Grief Is Understudied in Black Americans

Grief will always be prolonged, as long as injustice is prolonged.

—Tashel Bordere, Ph.D.

Grief is typically defined as a primarily emotional reaction to the loss of a loved one through death. It also incorporates diverse psychological (cognitive, social-behavioral) and physical (physiological-somatic) manifestations (2). The loss of a loved one is consistently ranked as one of the most stressful life experiences (3). Cognitive manifestations of grief can include disbelief, yearning, rumination, or difficulty concentrating. Emotional manifestations of grief can include sadness, longing, loneliness, anxiety, sorrow, guilt, anger, and sometimes relief. Physical manifestations of grief can include shortness of breath, feelings of emptiness, muscle weakness, tension, pain, and changes in appetite and sleep (4).

The aforementioned conceptualizations of grief are all individual processes. However, grief can also be experienced communally. Collective grief occurs when a community collectively experiences an extreme change or loss (5). Eisenbruch points out that Western psychiatry has conventionally considered the individual to be at risk, but that attention could usefully be shifted from individuals to an entire uprooted people. In a recent critique of grief research that occurs almost exclusively in the Global North, Stelzer et al. write, “Many cultural factors, working invisibly in the background, affect the way symptoms are expressed, perceived, assessed, interpreted, and documented” (6).

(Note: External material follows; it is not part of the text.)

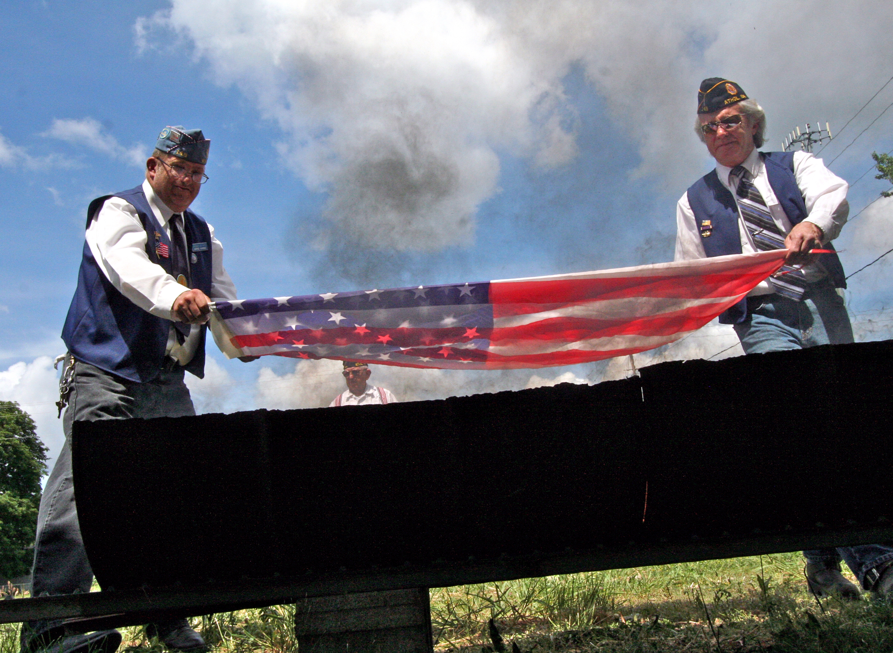 David Harms and Gary Paschke of American Legion Post 149 prepare a flag for disposal during a flag retirement ceremony on Flat Day Sunday at the post in Athol. More than 25 people attended a flag retirement ceremony at the Post 149 on Sunday afternoon. Members of the American Legion and Sons of the American Legion were assisted by Boy Scouts from Athol Troop 218. Several flags were properly disposed of during the flag retirement ceremony. (Photo: Taryn A. Hecker Photography Studio, Spirit Lake)
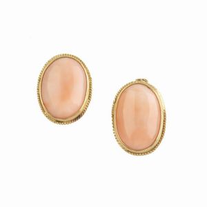 PAIO DI ORECCHINI CON CORALLO ROSA in oro giallo 18kt, recanti due coralli rosa taglio cabochon, chiusura a clip, [..]

Since the early twentieth century, heavily influenced by Sigmund Freud's “Mourning and Melancholia” (7) essay, the phenomenon of grief has become a topic of study within the field of psychology. Researchers have elucidated many key findings about the common symptoms, coping mechanisms and the mental and physical health outcomes of grief (8). However, Black Americans have largely been underrepresented within research on understanding the psychological impact of grief and bereavement. One recent review found that of the ~4,000 articles published on grief and bereavement, only ~100 of these studies included Black Americans in the sample (9).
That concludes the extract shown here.